*** Opening Excerpted records ***

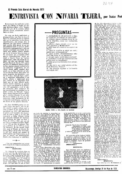 Entrevista con Nivaria Tejera Premio biblioteca Breve 1971 [entrevista] [artículo] : Miguel de Francisco.
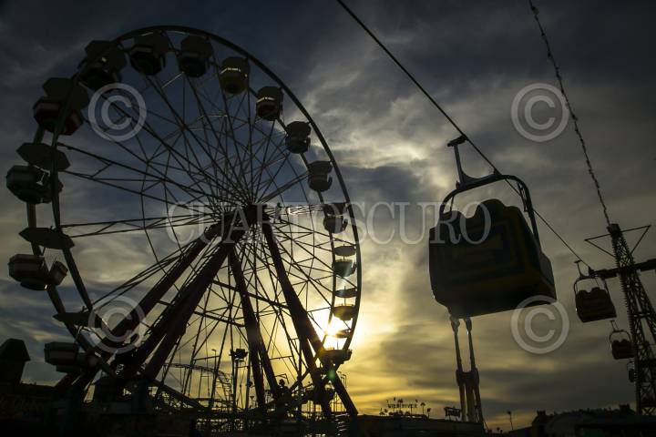 CULIACÁN, SINALOA, 01DICIEMBRE2016.- En las alturas de la rueda de la fortuna, un hombre realiza los trabajos de mantenimiento mientras la tarde cae en la feria de la ciudad. FOTO: RASHIDE FRIAS /CUARTOSCURO.COM
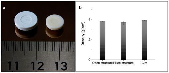 Test discs with 100% infill were debinded and sintered together with disks prepared by ceramic injection molding (CIM), applying the same highly-filled composite (denominated “feedstock” in CIM) to compare the resulting sinter densities. A green and a sintered printed test disc are shown in Figure 9a. While the CIM samples reach densities up to 99.7% of the theoretical density, the printed sample has values up to 97.3% of the theoretical density.
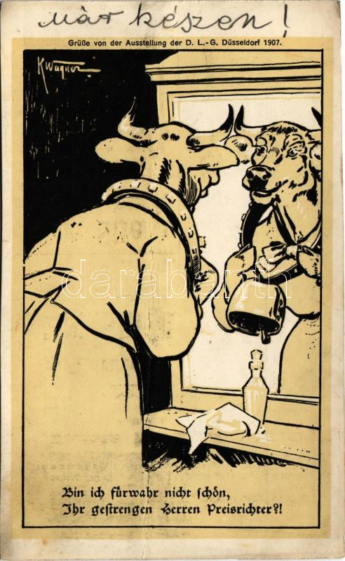Leírás: 1907 Grüsse von der Ausstellung der D.L.-G. Düsseldorf der Deutschen Landwirtschaftlichen Presse. Verlag von Paul Parey (EK)
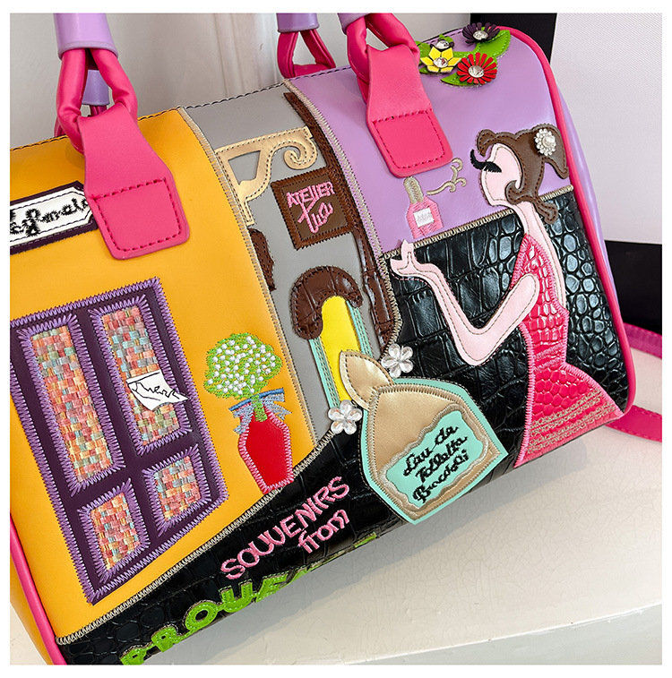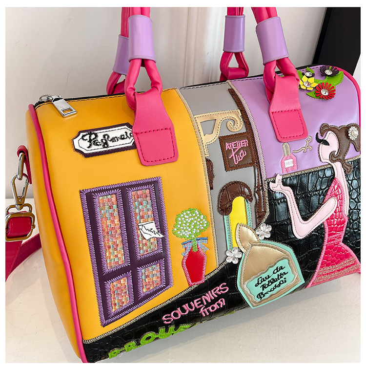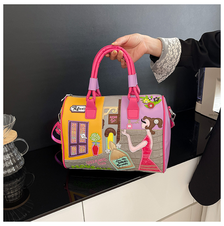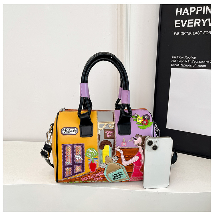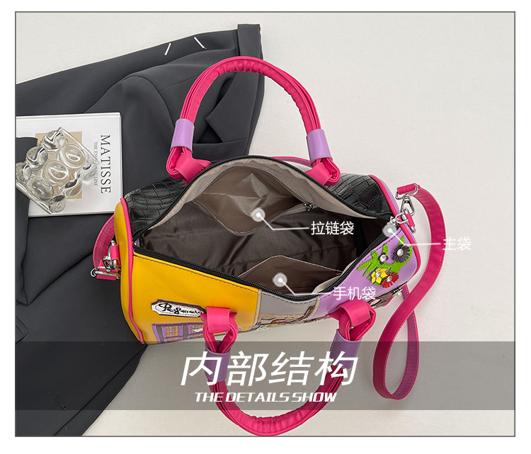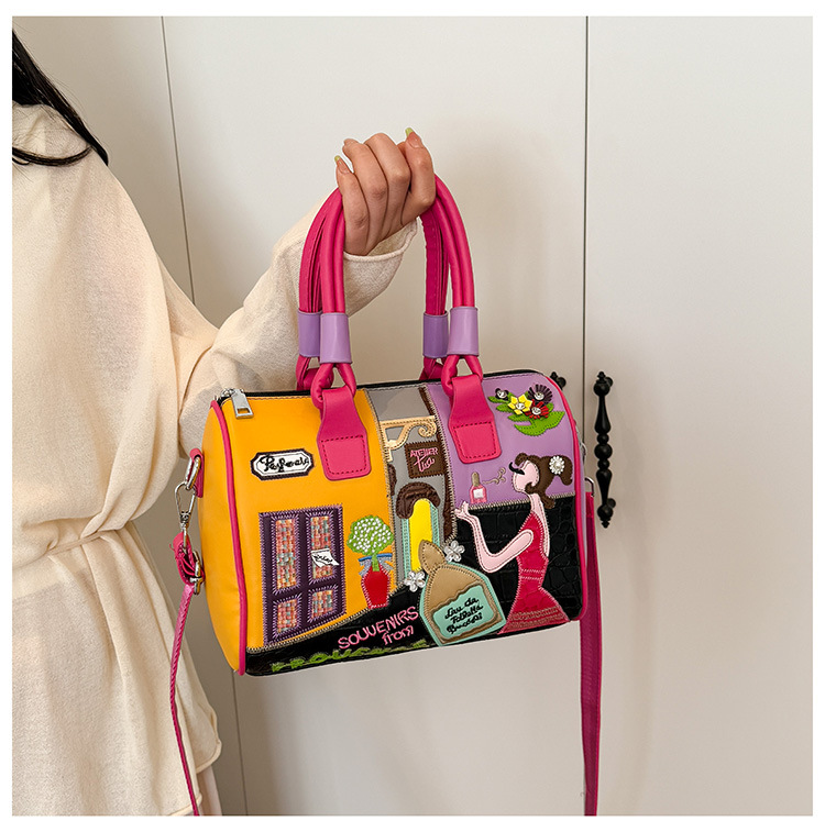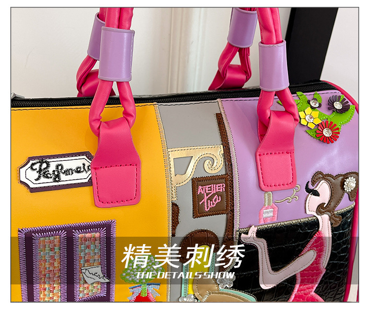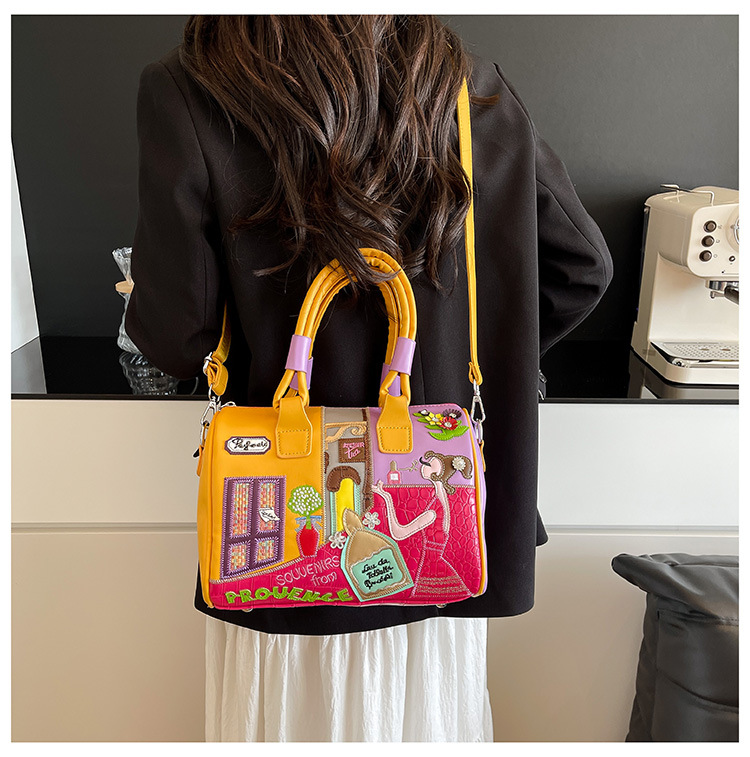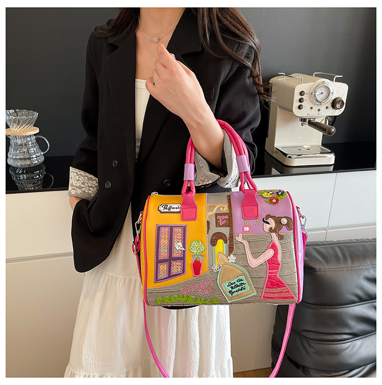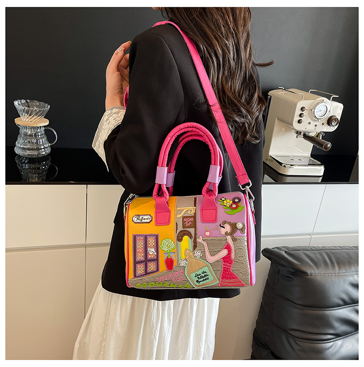 유럽과 미국의 레트로 대용량 휴대용 보스턴 가방 2025 새로운 틈새 자수 테이프 통근 어깨 크로스 바디 백

*** Closing Excerpted records ***

• _Work item_
The records above are to be repeated exactly, with every picture removed from the copy.

• _Result of the exercise_
 Entrevista con Nivaria Tejera Premio biblioteca Breve 1971 [entrevista] [artículo] : Miguel de Francisco.
 CULIACÁN, SINALOA, 01DICIEMBRE2016.- En las alturas de la rueda de la fortuna, un hombre realiza los trabajos de mantenimiento mientras la tarde cae en la feria de la ciudad. FOTO: RASHIDE FRIAS /CUARTOSCURO.COM
 Test discs with 100% infill were debinded and sintered together with disks prepared by ceramic injection molding (CIM), applying the same highly-filled composite (denominated “feedstock” in CIM) to compare the resulting sinter densities. A green and a sintered printed test disc are shown in Figure 9a. While the CIM samples reach densities up to 99.7% of the theoretical density, the printed sample has values up to 97.3% of the theoretical density.
Leírás: 1907 Grüsse von der Ausstellung der D.L.-G. Düsseldorf der Deutschen Landwirtschaftlichen Presse. Verlag von Paul Parey (EK)
 유럽과 미국의 레트로 대용량 휴대용 보스턴 가방 2025 새로운 틈새 자수 테이프 통근 어깨 크로스 바디 백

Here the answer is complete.